Tag Archives: TFrecords Create Datas Error

[Solved] TFrecords Create Datas Error: Number of int64 values != expected. Values size: 1 but output shape: [3]

1. For fixed length label and feature

Generate tfrecord data:

Multiple label samples, where the label contains 5

import os
import tensorflow as tf
import numpy as np
output_flie = str(os.path.dirname(os.getcwd()))+"/train.tfrecords"
with tf.python_io.TFRecordWriter(output_flie) as writer:
    labels = np.array([[1,0,0,1,0],[0,1,0,0,1],[0,0,0,0,1],[1,0,0,0,0]])
    features = np.array([[0,0,0,0,0,0],[1,1,1,1,1,2],[1,1,1,0,0,2],[0,0,0,0,1,9]])
    for i in range(4):
        label = labels[i]
        feature = features[i]
        example = tf.train.Example(features=tf.train.Features(feature={
            "label": tf.train.Feature(int64_list=tf.train.Int64List(value=label)),
            'feature': tf.train.Feature(int64_list=tf.train.Int64List(value=feature))
        }))
        writer.write(example.SerializeToString())

Parse tfrecord data:

import os
import tensorflow as tf
import numpy as np


def read_tf(output_flie):
    filename_queue = tf.train.string_input_producer([output_flie])
    reader = tf.TFRecordReader()
    _, serialized_example = reader.read(filename_queue)
    result = tf.parse_single_example(serialized_example,
                                     features={
                                         'label': tf.FixedLenFeature([5], tf.int64),
                                         'feature': tf.FixedLenFeature([6], tf.int64),
                                     })
    feature = result['feature']
    label = result['label']
    return feature, label


output_flie = str(os.path.dirname(os.getcwd())) + "/train.tfrecords"
feature, label = read_tf(output_flie)
imageBatch, labelBatch = tf.train.batch([feature, label], batch_size=2, capacity=3)

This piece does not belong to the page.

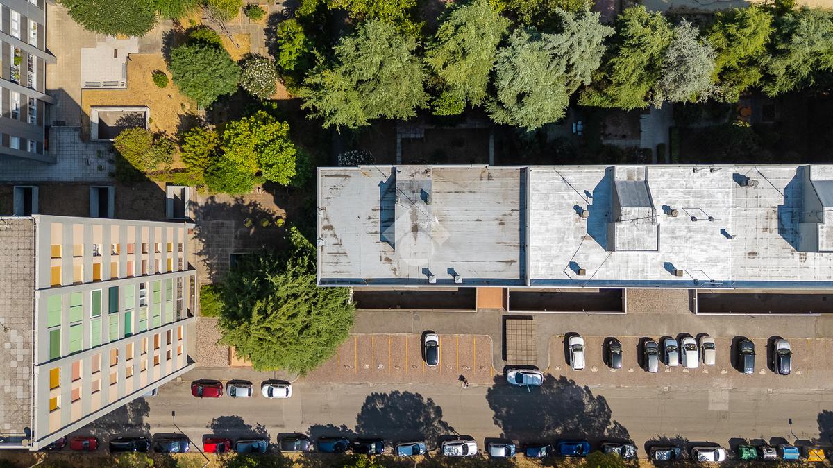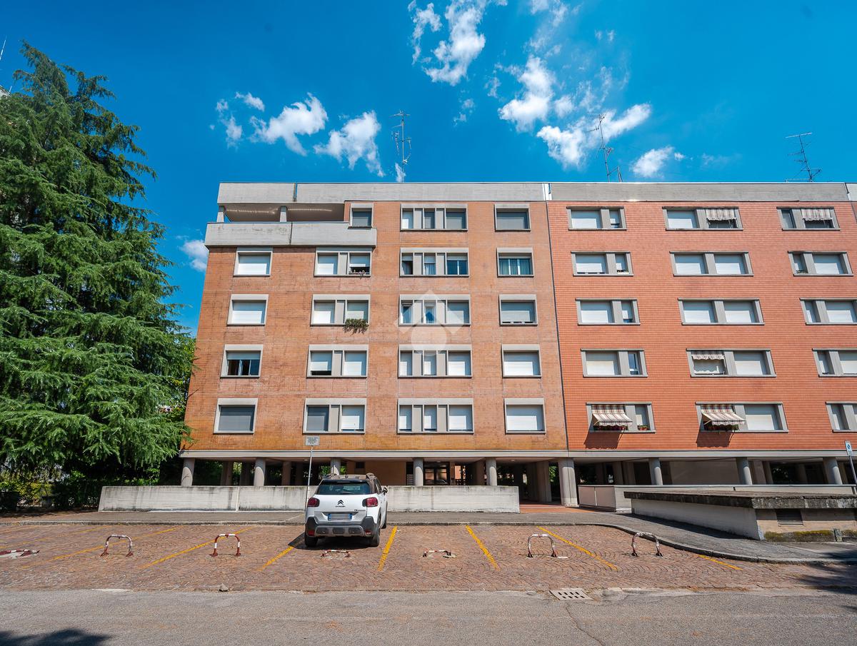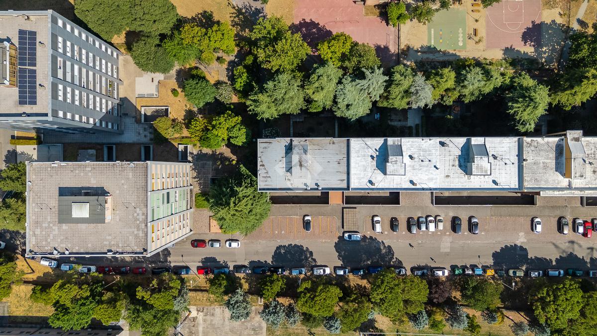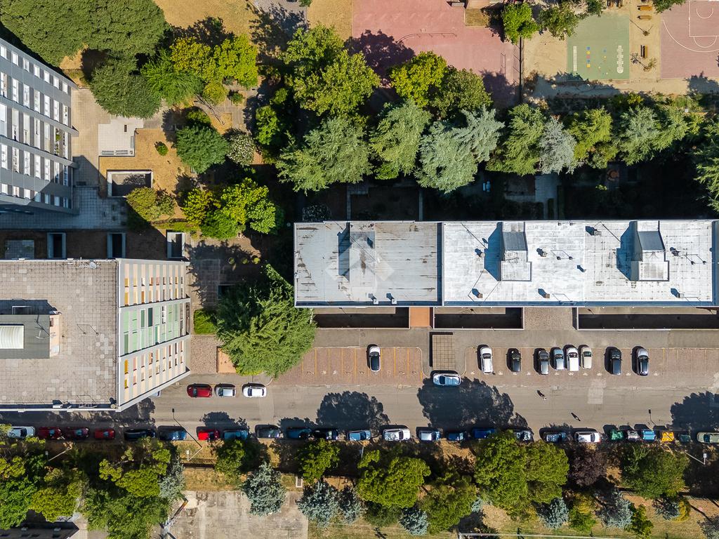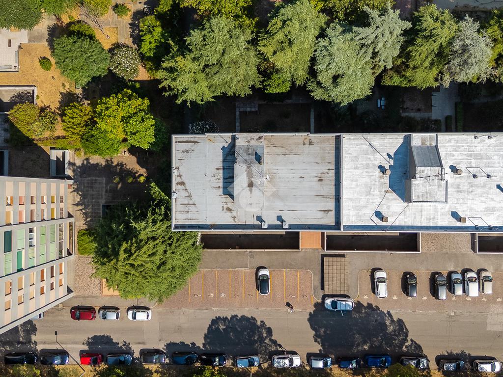 Frontale all'ingresso del palazzo, troviamo un comodo parcheggio per le auto, dove è possibile parcheggiare un veicolo per ogni condomino.

with tf.Session() as sess:
    sess.run(tf.global_variables_initializer())
    coord = tf.train.Coordinator()
    threads = tf.train.start_queue_runners(sess=sess, coord=coord)
    print(1)
    images, labels = sess.run([imageBatch, labelBatch])
    print(images)
    print(labels)
    coord.request_stop()
    coord.join(threads)

Output:

1
('----images: ', array([[0, 0, 0, 0, 0, 0],
       [1, 1, 1, 1, 1, 2]]))
('----labels:', array([[1, 0, 0, 1, 0],
       [0, 1, 0, 0, 1]]))

2. For variable length label and feature

Generate tfrecord

It is the same as the fixed length data generation method

import os
import tensorflow as tf
import numpy as np
train_TFfile = str(os.path.dirname(os.getcwd()))+"/hh.tfrecords"
writer = tf.python_io.TFRecordWriter(train_TFfile)
labels = [[1,2,3],[3,4],[5,2,6],[6,4,9],[9]]
features = [[2,5],[3],[5,8],[1,4],[5,9]]
for i in range(5):
    label = labels[i]
    print(label)
    feature = features[i]
    example = tf.train.Example(
        features=tf.train.Features(
            feature={'label': tf.train.Feature(int64_list=tf.train.Int64List(value=label)),
                       'feature': tf.train.Feature(int64_list=tf.train.Int64List(value=feature))}))
    writer.write(example.SerializeToString())
writer.close()

Parsing tfrecord

The main changes are:

tf.VarLenFeature(tf.int64)

Unfinished to be continued

Common errors:

When the defined label dimension is different from the dimension during parsing, an error will be reported as follows:

Details of error reporting:

tensorflow.python.framework.errors_impl.InvalidArgumentError: Name: <unknown>, Key: label, Index: 0.  Number of int64 values != expected.  Values size: 1 but output shape: [3]

The size of the label is 1, but when used, it exceeds 1

Solution: when generating tfrecord, the length of label should be the same as that during parsing.